What “up to date” means
The control plane compares your pod’s reported current version (a concrete release tag, for example a semver) with the latest registered release for the platform. If they match, the pod is considered up to date. If a newer tag exists, you will see an update available state in product surfaces that expose it.
How an update is applied (high level)
- The control plane enqueues a rolling update job (or a single-pod update for one tenant).
- The job signs a short-lived JWT and calls your pod’s pod-agent over HTTPS:
POST /api/pod-agent/command. - The pod-agent verifies the token using the control plane’s public keys (JWKS), then runs the update script (pull images, migrate, restart, health checks).
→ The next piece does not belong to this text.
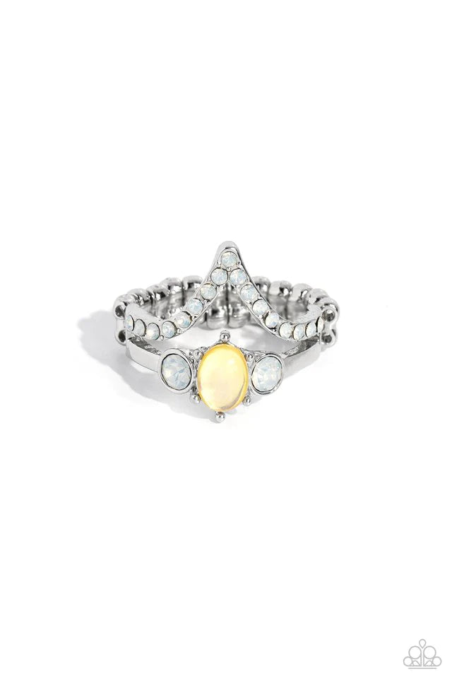 Featuring an opalescent shimmer, white gems, and a glassy yellow oval-cut gem are pronged in place at the center of a silver band. An upside-down V-shaped frame, encrusted in a row of dainty opalescent white rhinestones, rises above the colorful gems for a sassy finish. Features a dainty stretchy band for a flexible fit.

- The pod calls back to the control plane so the UI and records reflect success or failure.
No SSH is required for this path. The pod-agent is designed to stay up even when application containers restart.
What you need on the network
- Your pod must be reachable at its public HTTPS URL (custom domain or
https://<subdomain>.<Synap app domain>). - The pod must be able to reach the control plane’s JWKS endpoint over HTTPS so the pod-agent can verify JWTs.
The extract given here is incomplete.